Open Access: This article is an open-access article that was selected by an in-house editor and fully peer-reviewed by external reviewers. It is distributed in accordance with the Creative Commons Attribution NonCommercial (CC BY-NC 4.0) license, which permits others to distribute, remix, adapt, build upon this work non-commercially, and license their derivative works on different terms, provided the original work is properly cited and the use is non-commercial. See: https://creativecommons.org/Licenses/by-nc/4.0/
Corresponding author: Shingo Tsujinaka, MD, Associate Professor, Division of Gastroenterologic Surgery, Department of Surgery, Tohoku Medical and Pharmaceutical University, 1-15-1 Fukumuro, Miyagino-ku, Sendai 983-8536, Miyagi, Japan. tsujinakas@tohoku-mpu.ac.jp
Received: April 29, 2025 Revised: June 3, 2025 Accepted: July 16, 2025 Published online: August 24, 2025 Processing time: 113 Days and 14.4 Hours
Abstract
Appendiceal mucinous neoplasms (AMNs) are rare tumors originating from mucin-producing epithelial cells of the appendix. They can exhibit both benign and malignant behavior. They are often incidentally discovered during appendectomy. Clinical presentation ranges from asymptomatic to mimicking acute appendicitis. Histologically, noninvasive AMNs are classified as low-grade AMNs (LAMNs) or high-grade AMNs (HAMNs), whereas invasive tumors are categorized as mucinous adenocarcinomas. Although LAMNs and HAMNs are generally nonmalignant, rupture can lead to pseudomyxoma peritonei (PMP). Surgical resection is the primary diagnostic and therapeutic approach, with intraoperative assessment to prevent rupture. Treatment strategies vary based on findings and include appendectomy, right hemicolectomy, and cytoreductive surgery with hyperthermic intraperitoneal chemotherapy. Histological diagnosis relies on mucin detection, and immunohistochemical markers such as cytokeratin 20 (diffusely positive), cytokeratin 7 (often negative), mucin 5AC, and special AT-rich sequence-binding protein 2 assist in characterization. Molecular profiling frequently identifies KRAS, GNAS, and TP53 mutations. KRAS mutations are generally associated with a favorable prognosis, whereas GNAS and TP53 mutations correlate with poorer survival outcomes. These findings highlight the potential role of molecular profiling in guiding treatment strategies for AMN and PMP.

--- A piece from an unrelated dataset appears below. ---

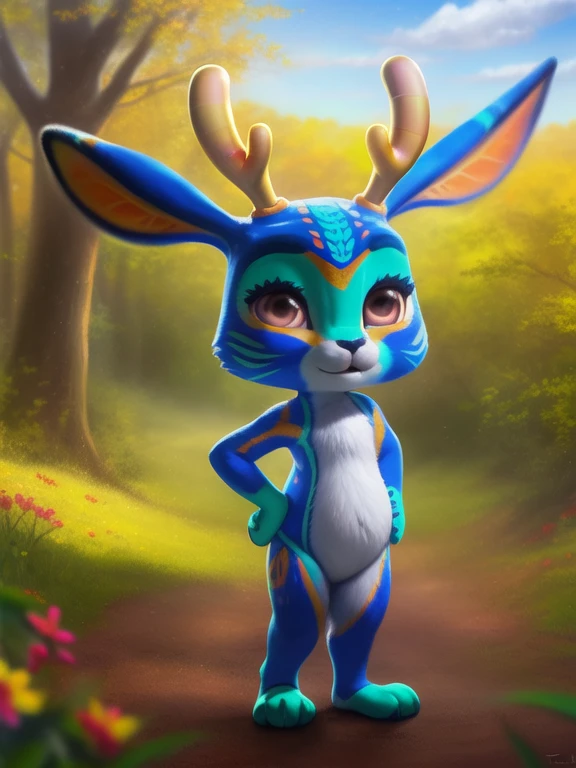 JackieSM, Jackalope, bunny, horns, purple eyes, bunny ears, rabbit legs, chibi,

Core Tip: Appendiceal mucinous neoplasms (AMNs) are rare tumors originating in mucin-producing epithelial cells of the appendix. They can be benign or malignant. AMN is often discovered during appendectomy, presenting asymptomatically or mimicking acute appendicitis. Noninvasive AMNs include low-grade and high-grade lesions, whereas invasive types are mucinous adenocarcinomas. Rupture may lead to pseudomyxoma peritonei (PMP). Surgery is the primary treatment, with options including appendectomy, hemicolectomy, or cytoreductive surgery with chemotherapy. Histological diagnosis involves mucin detection and immunohistochemistry markers. Molecular profiling has revealed mutations in KRAS (favorable prognosis) and GNAS and TP53 (poor prognosis), guiding treatment strategies for AMN and PMP.